§ **Required action**: Only the lines of the listing below that run from the line with "A clínica de" through the line with "Дружной толокой: педагоги" are to be set down, word for word. Pictures stay out.

§ **Records provided**:
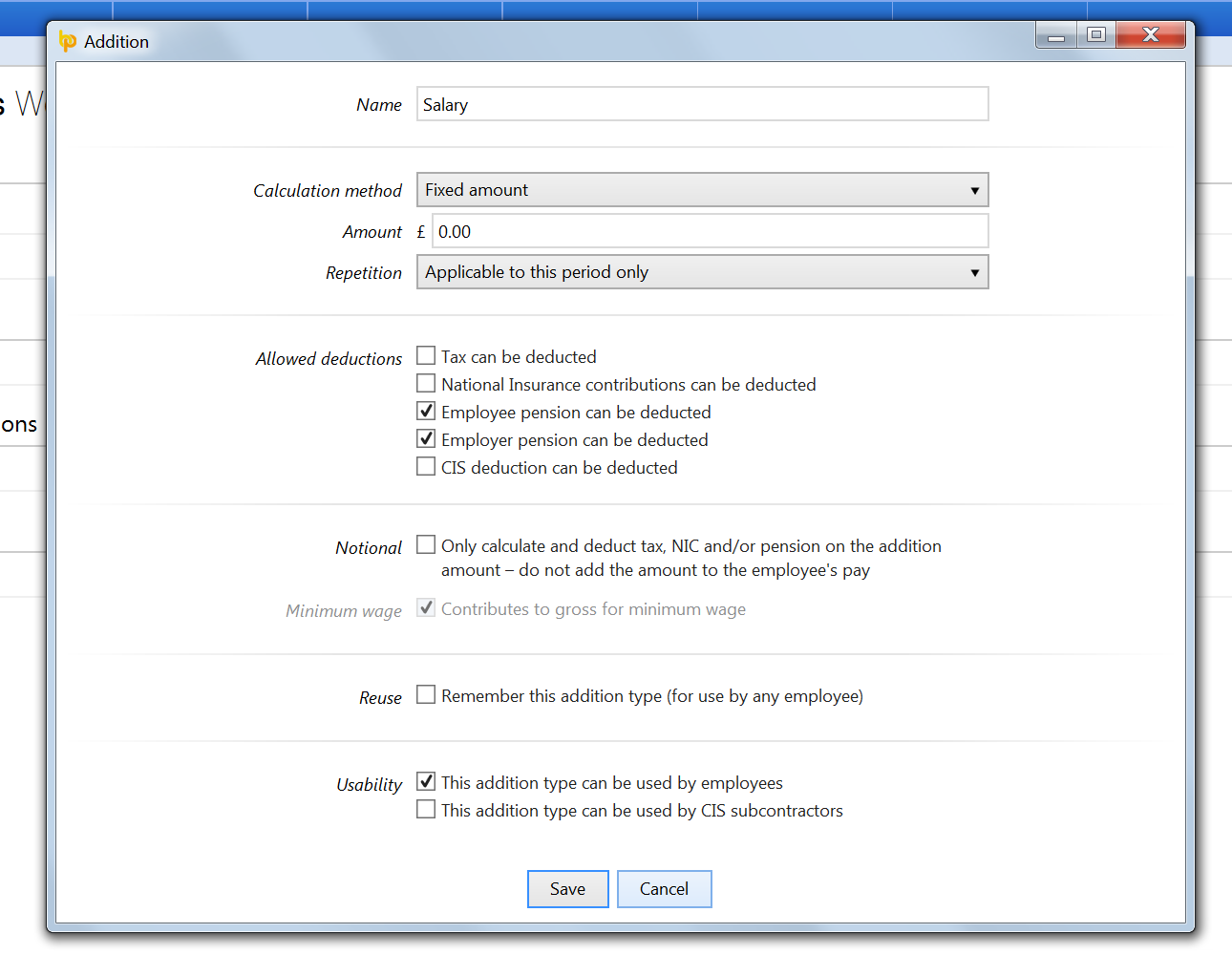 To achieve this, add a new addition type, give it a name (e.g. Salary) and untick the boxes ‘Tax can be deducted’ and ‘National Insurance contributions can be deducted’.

==

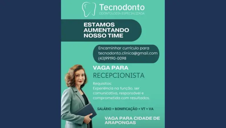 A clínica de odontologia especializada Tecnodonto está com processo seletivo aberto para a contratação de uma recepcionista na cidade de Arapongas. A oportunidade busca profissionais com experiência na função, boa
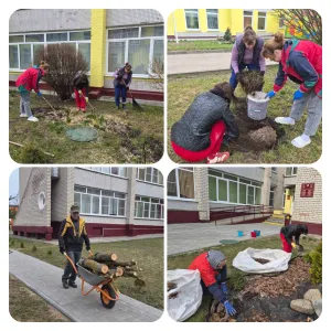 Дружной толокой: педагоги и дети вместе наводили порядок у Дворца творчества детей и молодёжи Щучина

--

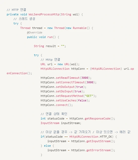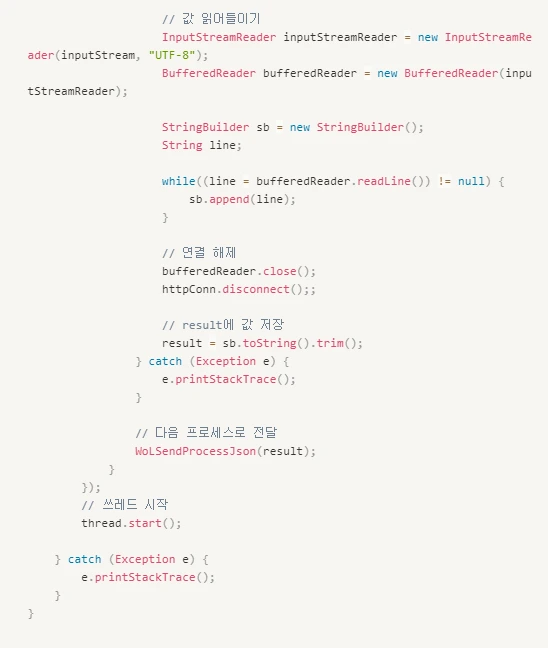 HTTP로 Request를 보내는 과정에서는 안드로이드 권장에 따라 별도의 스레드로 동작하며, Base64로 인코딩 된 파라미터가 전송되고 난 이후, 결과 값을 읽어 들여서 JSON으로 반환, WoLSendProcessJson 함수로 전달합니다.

§ **Result of the exercise**:
 A clínica de odontologia especializada Tecnodonto está com processo seletivo aberto para a contratação de uma recepcionista na cidade de Arapongas. A oportunidade busca profissionais com experiência na função, boa
 Дружной толокой: педагоги и дети вместе наводили порядок у Дворца творчества детей и молодёжи Щучина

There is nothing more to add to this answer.